2020 American documentary about Del Close

For Madmen Only: The Stories of Del Close is a 2020 comedy-documentary hybrid film about comedian Del Close (1934–1999), who coached many of the best-known comedians and comic actors of the late twentieth century. Its stories are drawn in part from Wasteland, an autobiographical horror comic co-written by Close and John Ostrander and published by DC Comics (1987–89). Directed by Heather Ross, the film stars James Urbaniak (as Close), Patton Oswalt, Bob Odenkirk, Jason Sudeikis, Matt Walsh, Josh Fadem, and Lauren Lapkus.

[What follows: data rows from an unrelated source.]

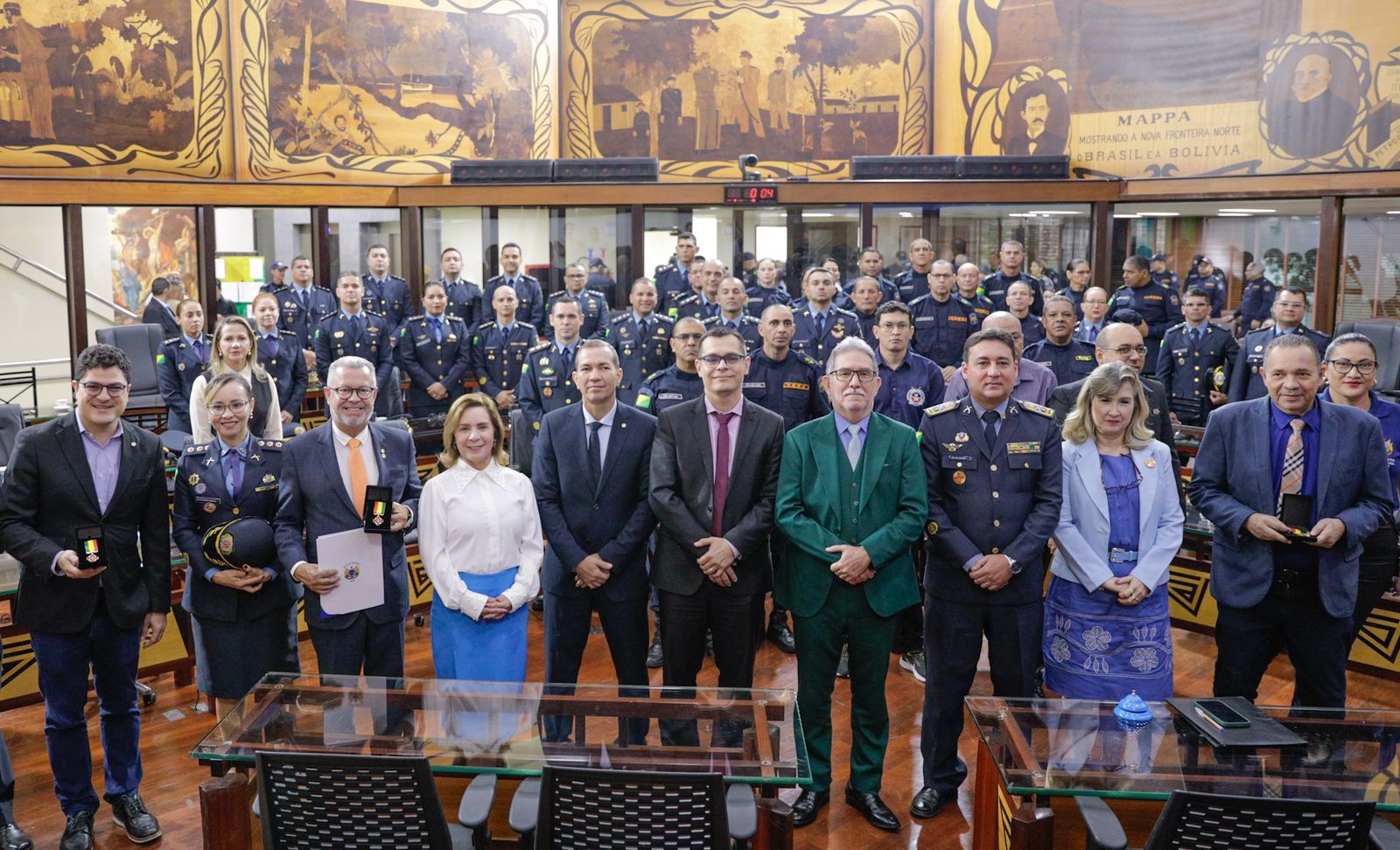 A sessão contou com a presença de diversas autoridades, incluindo parlamentares, membros da Polícia Militar acreana, representantes do Executivo, do Ministério Público e Defensoria Pública do Acre. O evento foi marcado por homenagens e discursos que ressaltaram o papel crucial da PM na manutenção da ordem pública e na proteção dos cidadãos.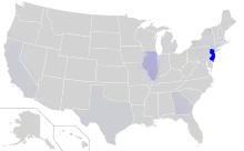 | New Jersey, New York City, San Francisco Bay Area, Los Angeles, Washington, D.C., Chicago, Houston, Philadelphia[4] | |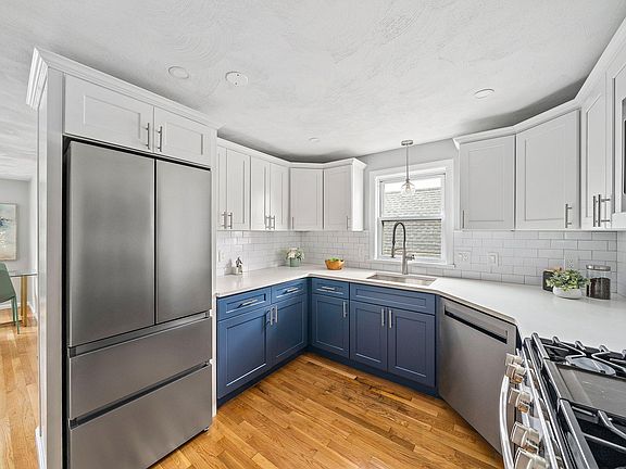 Newly renovated 3 bed unit sitting on the first floor of an elevated home just minutes from Revere Beach. All new quartz counters, kitchen cabinetry and stainless steel appliances along with a renovated bath complete with quartz vanity top and custom tile shower. An open living dining room space offers a perfect setup for entertaining. Three spacious bedrooms all with gleaming hardwood flooring. Gas cooking and heating along with central AC.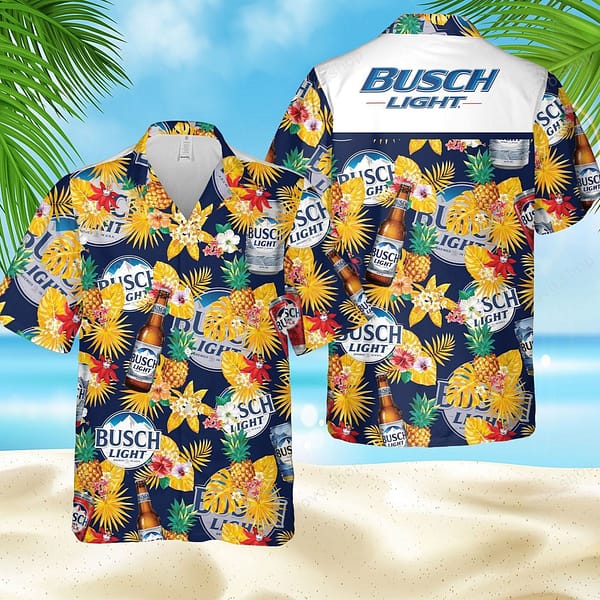 Busch Light Beer Hawaiian Shirt For Men – Tropical Pineapple Design – Summer Beach Vacation Gift For Dad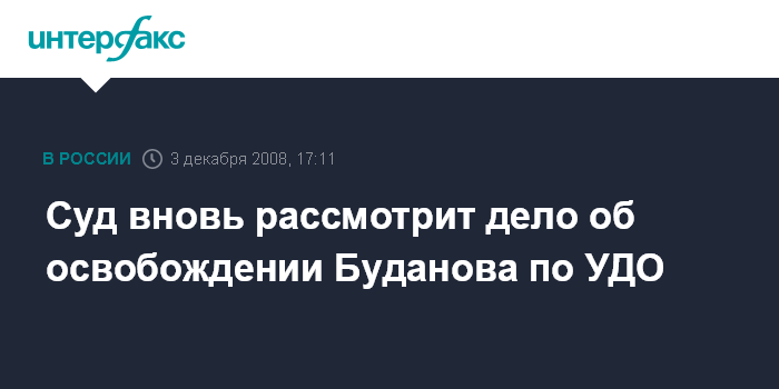 "Таким образом, дело Буданова снова направлено в Димитровградский суд. Дата его рассмотрения еще не определена", - сообщил агентству "Интерфакс" старший помощник прокурора Ульяновской области Василий Зима.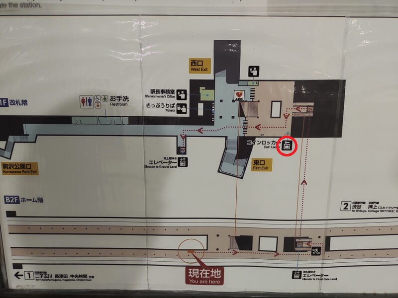 駒沢大学駅のコインロッカーは改札内にあり、改札を入って前方右奥の方に設置されています。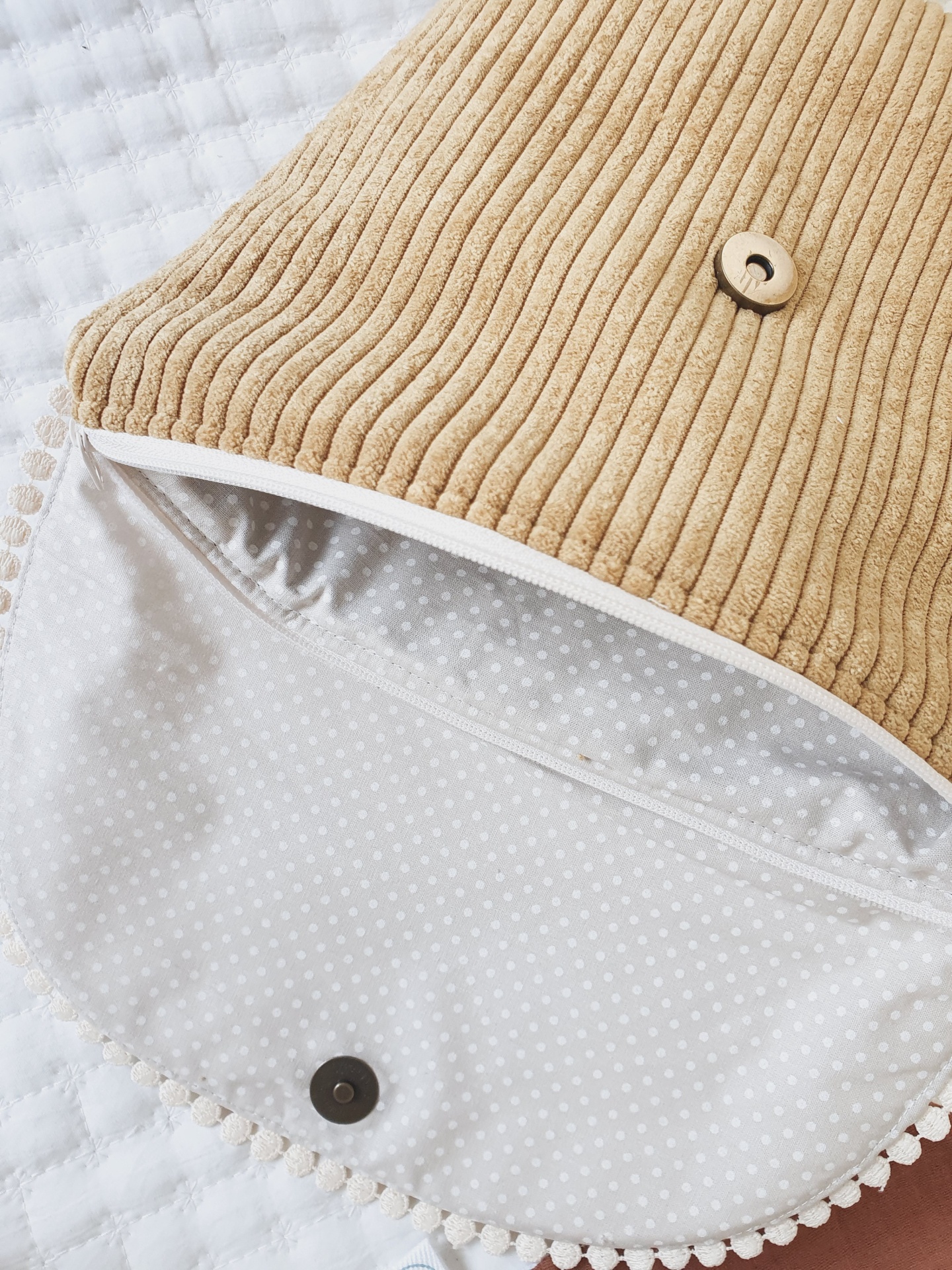 • Bolsa de veludo cotelê castanho claro com interior de tecido branco de pontos cinza e fecho de íman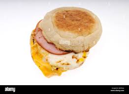 A hot brekkie made compact. Topped with processed cheddar cheese nestled comfortably in a toasty English muffin. Once the sandwich is stacked it may seem like its ready for eating but its not.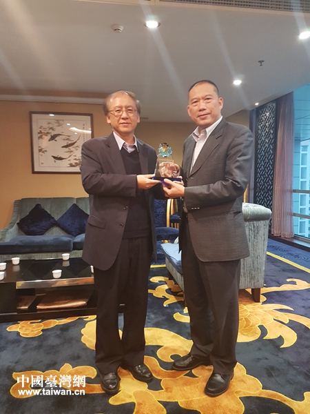 中山市臺灣事務(wù)局局長林慶和(右)會見臺灣中山大學(xué)中國與亞太區(qū)域研究所林德昌教授(左)師生一行并互贈紀念品。(圖片來源:中山市臺辦)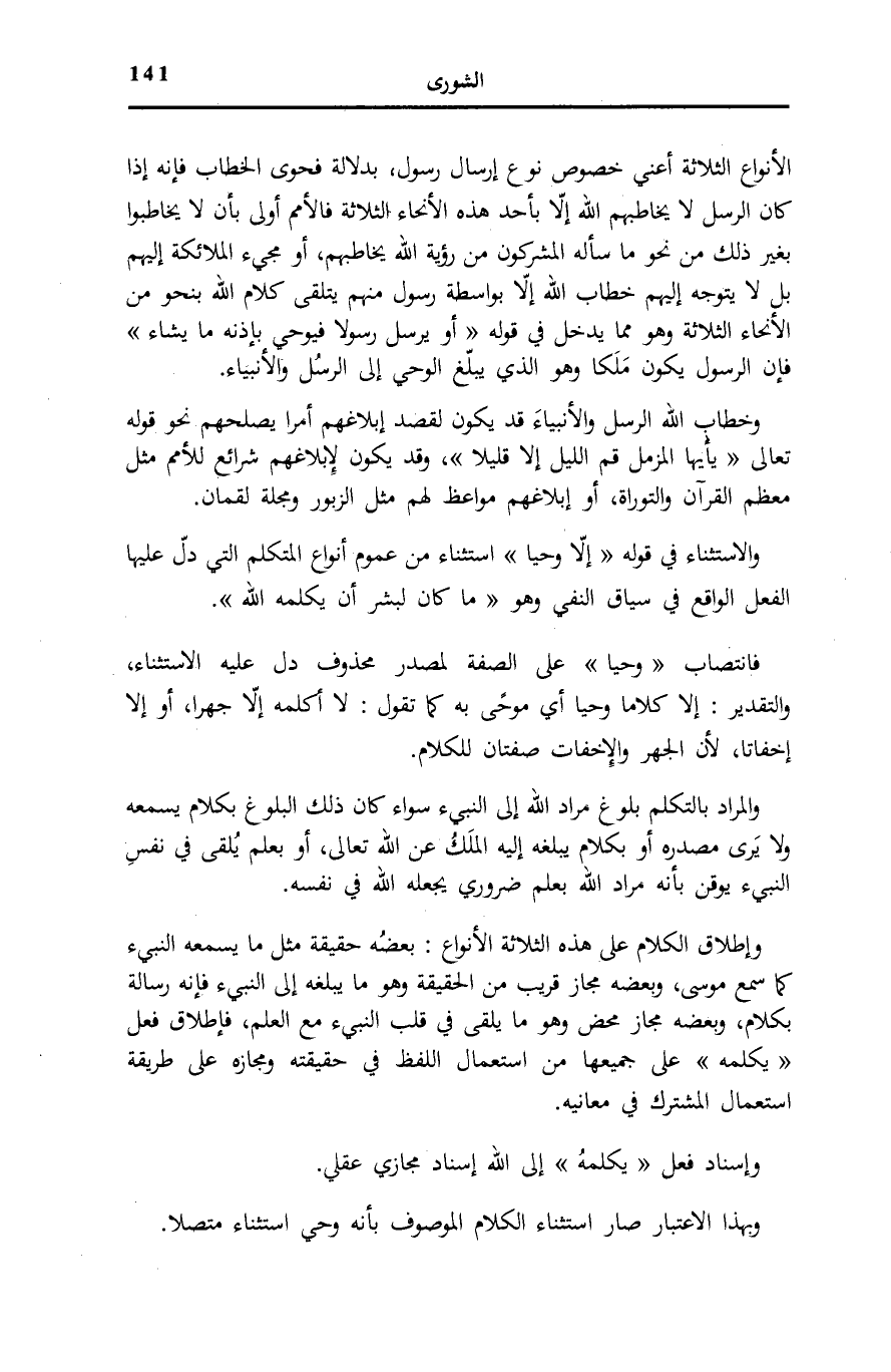 الْأَنْوَاعِ الثَّلَاثَةِ أَعْنِي خُصُوصَ نَوْعِ إِرْسَالِ رَسُولٍ بِدَلَالَةِ فَحْوَى الْخِطَابِ فَإِنَّهُ إِذَا كَانَ الرُّسُلُ لَا يُخَاطِبُهُمُ اللَّهُ إِلَّا بِأَحَدِ هَذِهِ الْأَنْحَاءِ الثَّلَاثَةِ فَالْأُمَمُ أَوْلَى بِأَنْ لَا يُخَاطَبُوا بِغَيْرِ ذَلِكَ مِنْ نَحْوِ مَا سَأَلَهُ الْمُشْرِكُونَ مِنْ رُؤْيَةِ اللَّهِ يُخَاطِبُهُمْ، أَوْ مَجِيءِ الْمَلَائِكَةِ إِلَيْهِمْ بَلْ لَا يَتَوَجَّهُ إِلَيْهِمْ خِطَابُ اللَّهِ إِلَّا بِوَاسِطَةِ رَسُولٍ مِنْهُمْ يَتَلَقَّى كَلَامَ اللَّهِ بِنَحْوٍ مِنَ الْأَنْحَاءِ الثَّلَاثَةِ وَهُوَ مِمَّا يَدْخُلُ فِي قَوْلِهِ: أَوْ يُرْسِلَ رَسُولًا فَيُوحِيَ بِإِذْنِهِ مَا يَشاءُ فَإِنَّ الرَّسُولَ يَكُونُ مَلِكًا وَهُوَ الَّذِي يُبَلِّغُ الْوَحْيَ إِلَى الرُّسُلِ وَالْأَنْبِيَاءِ.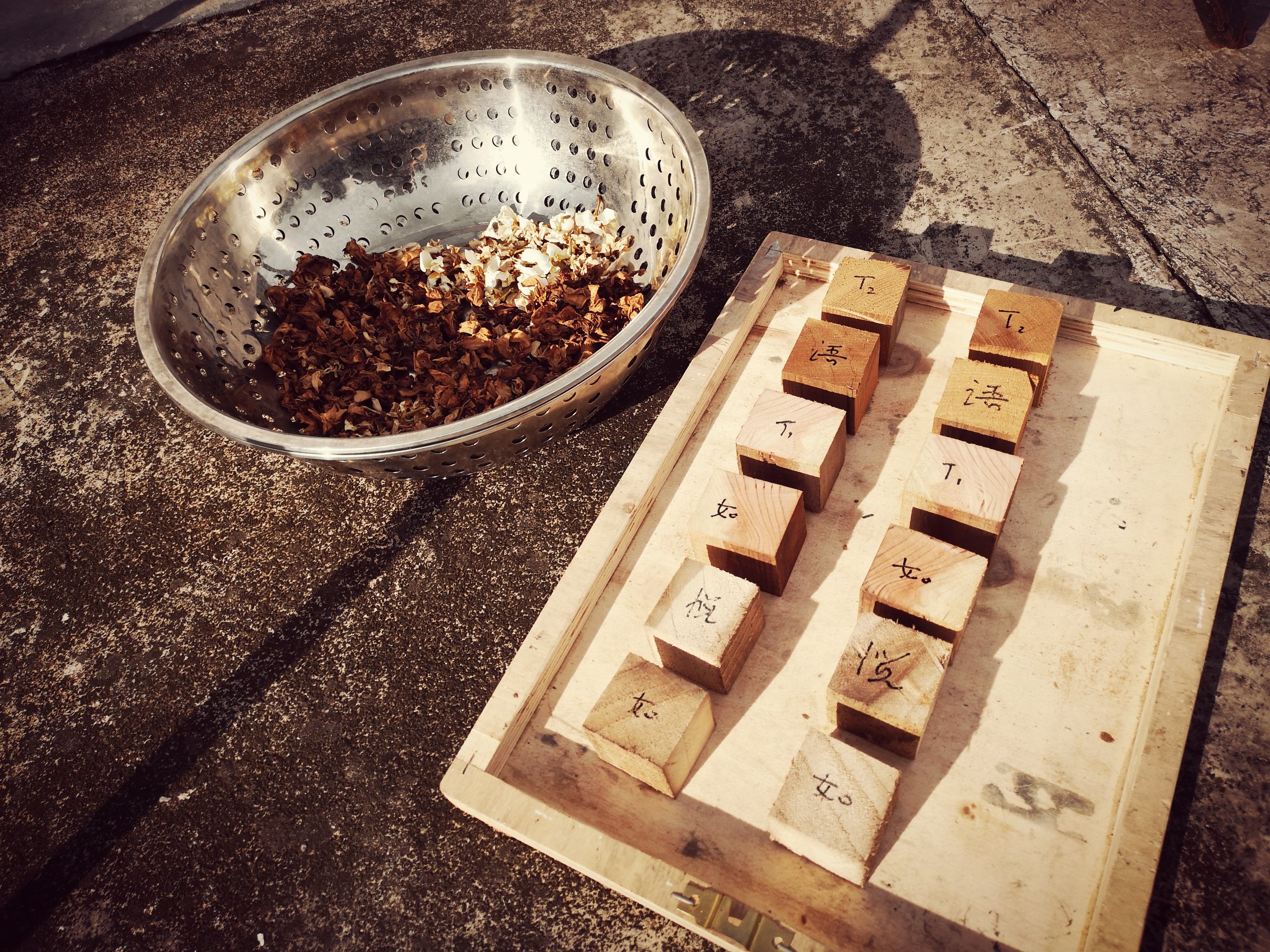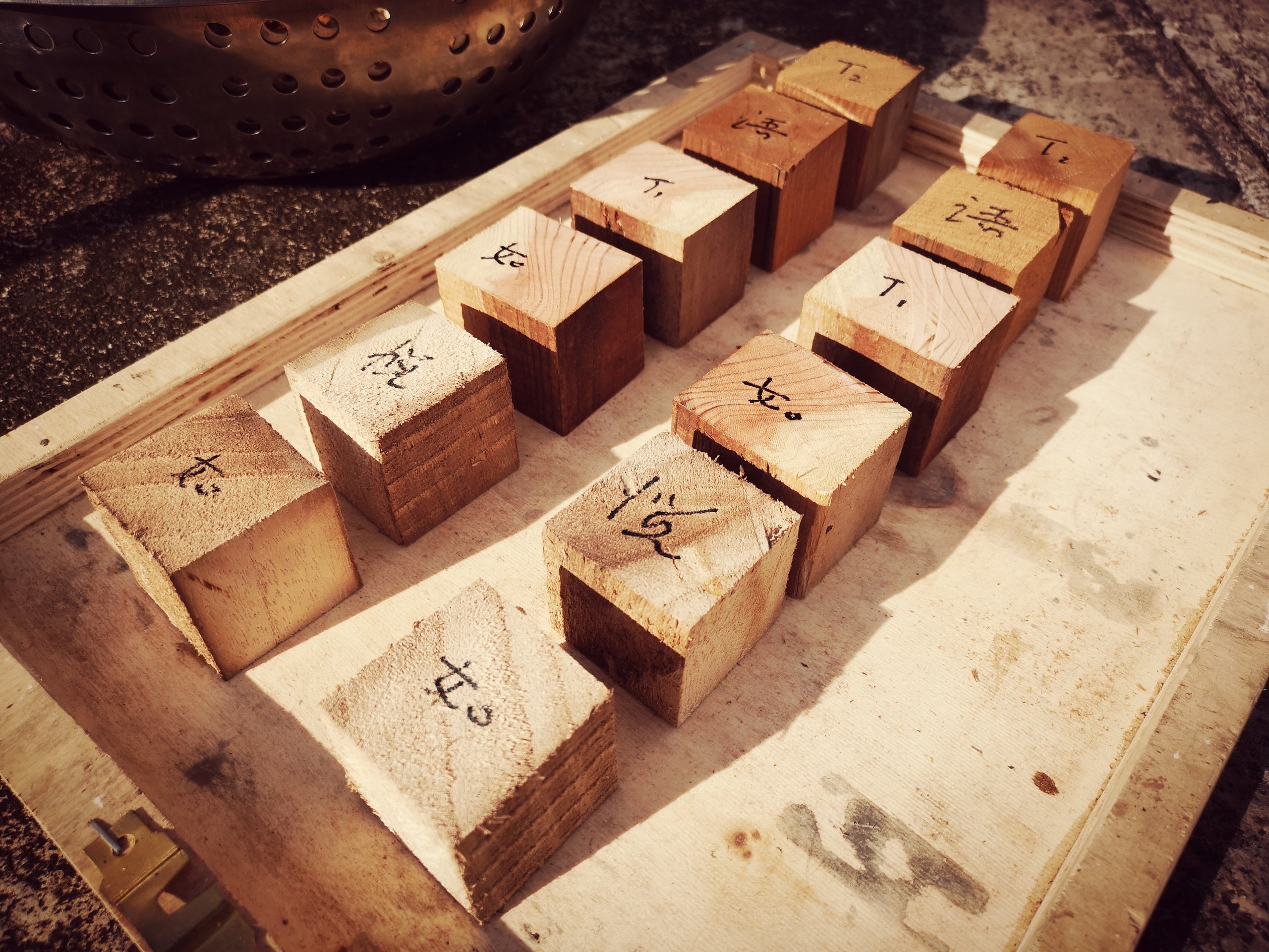 然後下午就是晾曬“小木塊”,這是為幾張琴的“護軫”做前期準備,大概明天就可以粘合了,然後進入細修。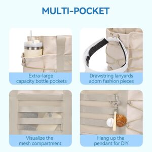 Drawstring Design: The open mesh design on the front makes it easy to organize and position the contents of the bag. You can also hang up your favorite accessories and DIY your own fashion. The side drawstring lanyard design can be worn with any outfit, making it perfect for carrying sports gear and everyday essentials.

It premiered digitally at SXSW in 2020.

== Cast ==

- James Urbaniak as Del Close
- Matt Walsh as Mike Gold
- Josh Fadem as John Ostrander
- Patton Oswalt as Lash LaRue
- Michaela Watkins as The Narrator
- Paul Scheer as The Rat
- Lennon Parham as Arabella
- Lauren Lapkus as Arabella's Assistant
- Diona Reasonover as Annie the Summoner

=== Notable interviewees ===

- Andrew Alexander
- Ike Barinholtz
- Adam McKay
- Tim Meadows
- Bob Odenkirk
- Jason Sudeikis
- Dave Thomas
- George Wendt

== Reception ==
The New York Times recommended the film in its "What to Watch" section, writing "Heather Ross's rowdy, energetic documentary assembles the expected treasure trove of archival clips and testimonials from famous faces, while playfully re-enacting [Close's] wilder moments and odder inclinations." The Hollywood Reporter called it "a funny and poignant look at a man to whom comedy nerds owe an incalculable debt."

On the review aggregator site Rotten Tomatoes, the film has a 92% approval rating among critics.